İkisini de öpüp buradaki mutfağa geçtim.
Valencia için onun tarifi.
Eva için ise krep.
İkisi de bayılırdı yapacağım yemeğe.
Yemeği yapmaya başladım.
Aynı anda yapıyordum.
Bir kaç dakika sonra yemek bitmek üzereyken Valencia ayıldı.
Başını kaldırıp bana baktı ve geri yattı.
Ama saati görünce duraksadı.
" Saat 9. 30 mu siktir ya ben askerlere gidecektim. " Dedi.
Esnedi ve Evayı dürttü.
" Eva. Uyan uyan saat 9. 30 hani biz 6 da kalkacaktık her gün! Ne oldu ormanda verdiğimiz izci sözü. " Dedi.
Eva ise " Başlarım sana da izci sözüne de uykum var benim. " Dedi.
Valencia onu gıdıklamaya başlayınca güldü.
Kalkıp Valencianın kafasına yastık geçirince Valencia da koltukta ayağa kalktı.
Yastık savaşı yapmaya başladıklarında güldüm.
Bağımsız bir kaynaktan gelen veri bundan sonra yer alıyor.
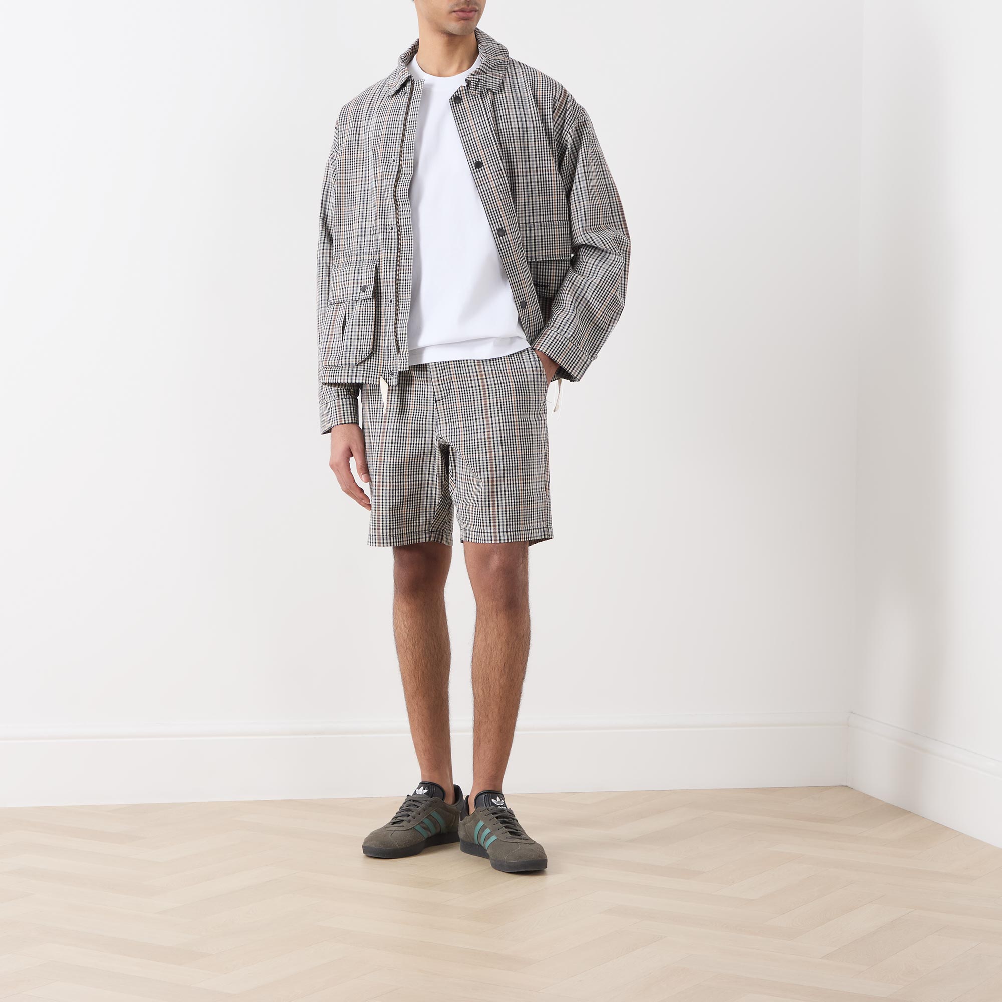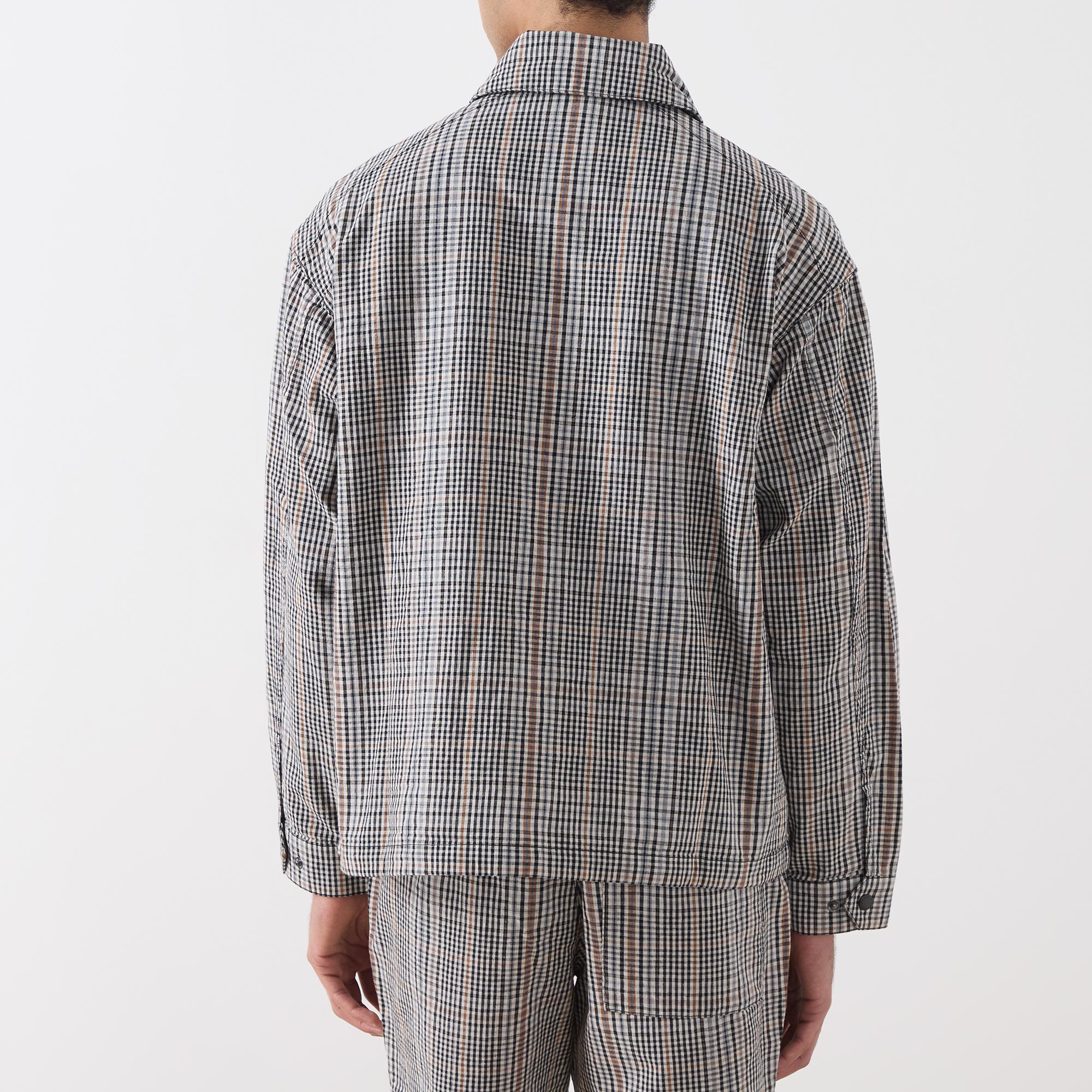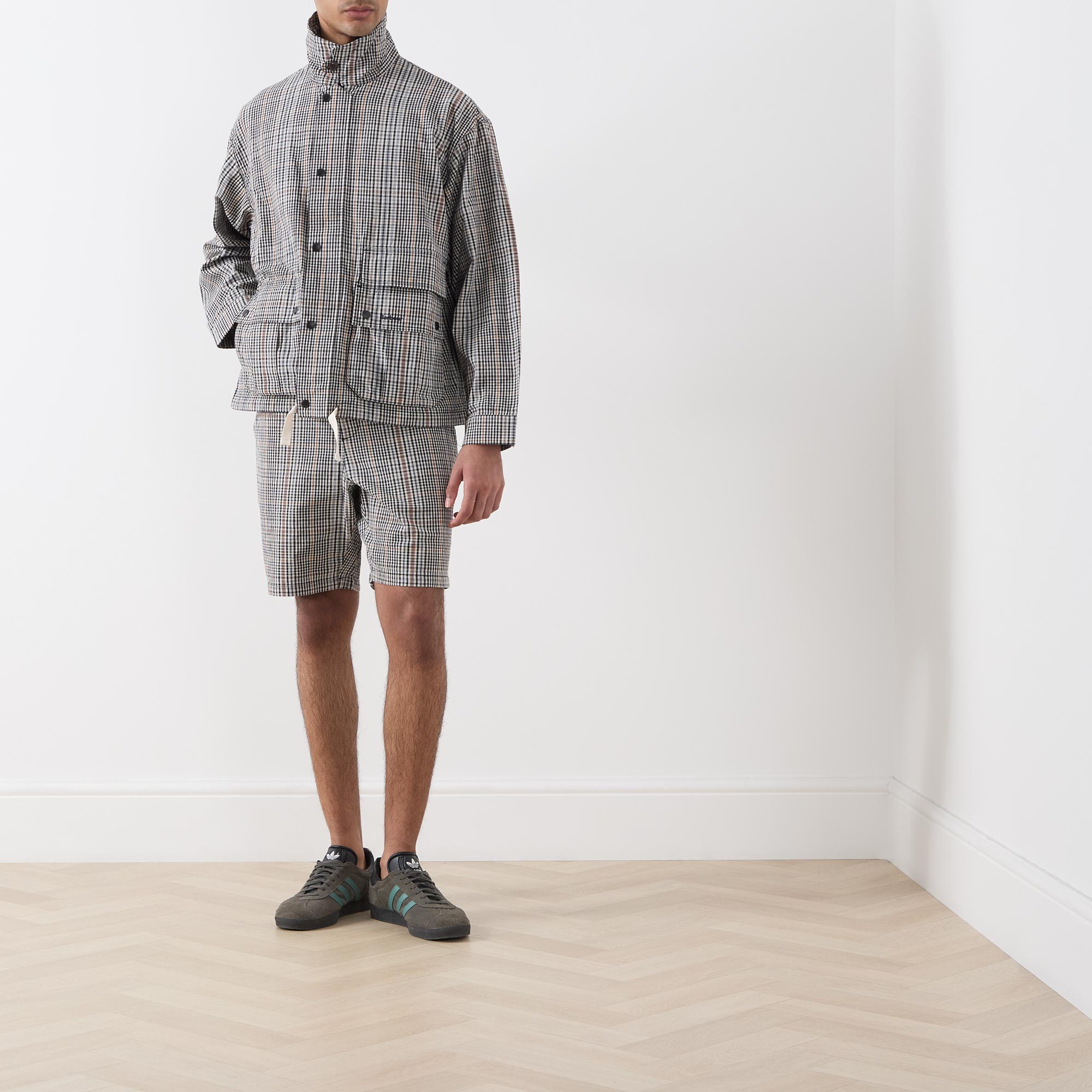- Point collar, dropped shoulders, long sleeves, snap button cuffs, front zip fastening, additional snap button placket, two large flap pockets with snap button closures, straight hem with adjustable drawstring fastening, tartan print, embroidered logo detail

" Ay tamam yeter yoruldum ben. Senin daha çok yorulman gerek! Yaralısın sen!" Dedi Eva.
Valencia gülüp oturdu.
Ayağına terliklerini giydi.
" Gel. " Dedi Evaya.
Sonra odadan çıkıp gittiler.
5 dakika sonra geri geldiklerinde yüzlerine bakım yaptıklarını anlamak zor olmadı.
Eva da tavşan Valencia da aslan maskesi vardı.
Güldüm. Hemde uzun uzun güldüm.
" Abi sen niye zürefa gibisin? " Dedi Eva bana.
Daha fazla güldüm ve kendime hazırladığım yumurta+salata tabağını bitirdim.
" Sen kısasın. " Dedim.
Eva 1. 50 filandı.
Valencia ondan uzundu.
" Sen ne yapıyon orada dağ ayısı. " Dedi Valencia.
Güldü içerideki herkes.
Valencia tarifinin olduğu tabağı alıp Valencianın bacağına bıraktım.
Kreplerin olduğu tabağı alıp Evanın dizine bıraktım.
Ve kendi tarifimi da aldım.
Bir kaç dilim ekmek ve çatal da aldıktan sonra gelip masanın yanındaki armut koltuğa oturdum.
Masaya koydum.
Eva " Krep! Bayılırım! Sen unutmadın mı abi. " Dedi.
" 3 tabak krebi 4 yaşında bitirdiğini nasıl unutabilirim. " Dedim.
Güldü.
Krebi çatalla ağzına soktu.
Valenciaya baktım.
İğrenmiş gibi bakıyordu.
Masaya tabağı bıraktı.
Ayaklandım ve yanına oturdum.
Onu belinden tutup dizlerime oturttuğumda kalçasını erkekliğimde hisetmek hoşuma gitmişti.
Bacaklarımı onun bacaklarına bağladım ve çırpınmasını engelledim.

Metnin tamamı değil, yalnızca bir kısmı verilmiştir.